■ THE TASK ■
Please reproduce all the data exactly as written and omit the pictures.

■ GIVEN DATA ■

########

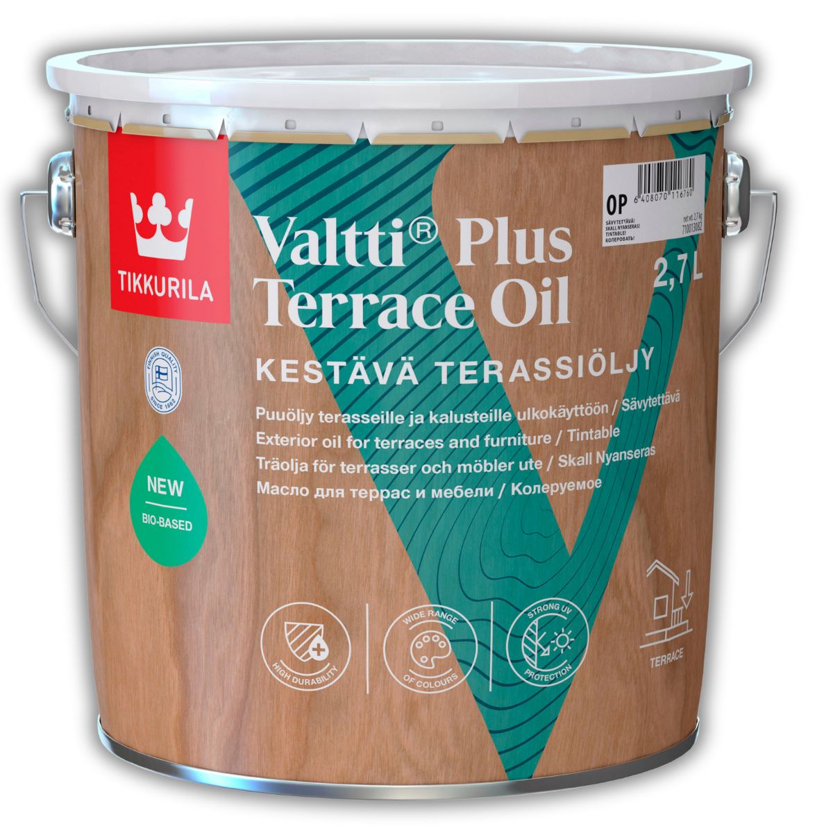 Tikkurila Valtti Plus Terrace Oil este un ulei premium destinat protecției lemnului la exterior. Formează un strat extrem de rezistent care protejează eficient lemnul împotriva razelor UV și a intemperiilor.
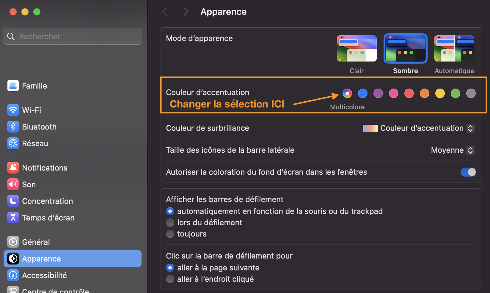 Sur Mac OS Ventura dans l'app photo le cadre qui apparait à la sélection est gris et je voudrais changer cette couleur pour mieux voir ce que je fais. Possible? merci
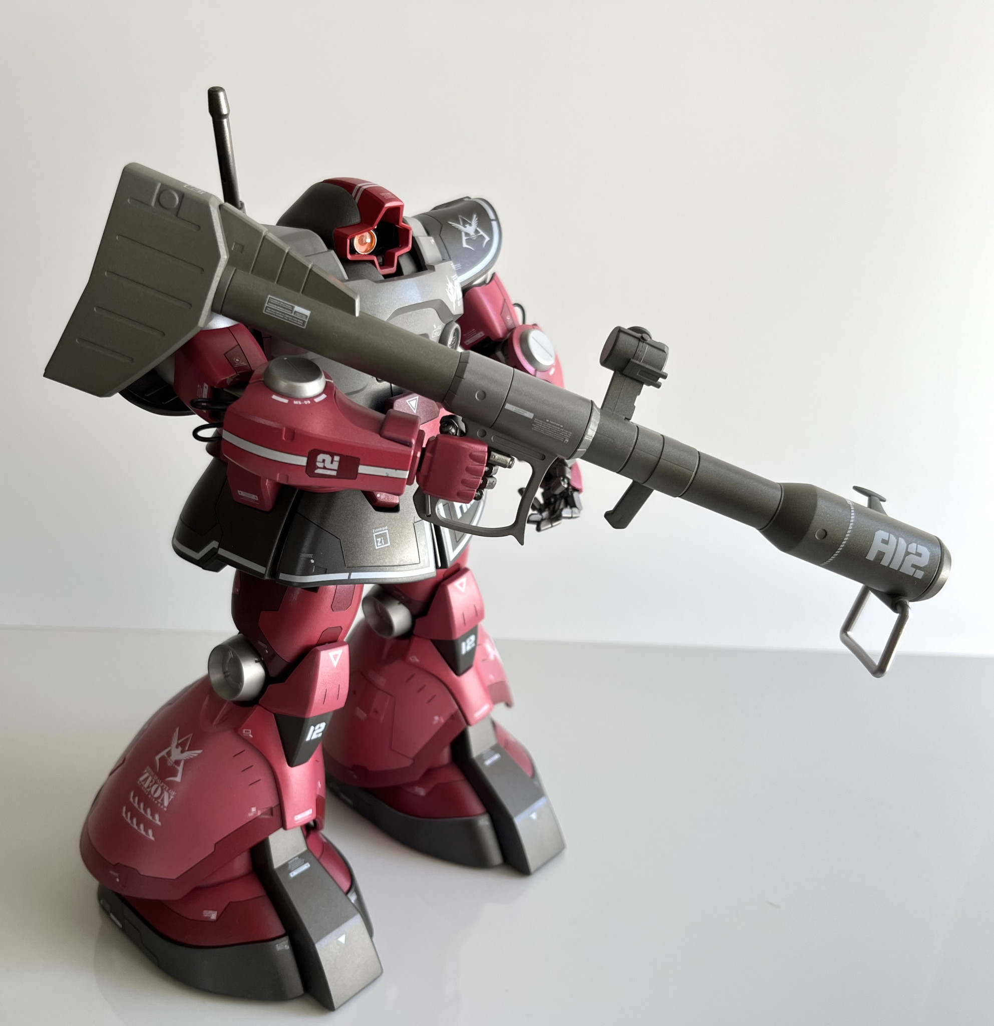 ガンプラ7体目。MGのリックドムをシャア専用機に塗装しました。今回は初めてケーブルを使ってみましたが、結構お手軽にディテールが加えられるので満足です!

########

■ YOUR RESPONSE ■
 Tikkurila Valtti Plus Terrace Oil este un ulei premium destinat protecției lemnului la exterior. Formează un strat extrem de rezistent care protejează eficient lemnul împotriva razelor UV și a intemperiilor.
 Sur Mac OS Ventura dans l'app photo le cadre qui apparait à la sélection est gris et je voudrais changer cette couleur pour mieux voir ce que je fais. Possible? merci
 ガンプラ7体目。MGのリックドムをシャア専用機に塗装しました。今回は初めてケーブルを使ってみましたが、結構お手軽にディテールが加えられるので満足です!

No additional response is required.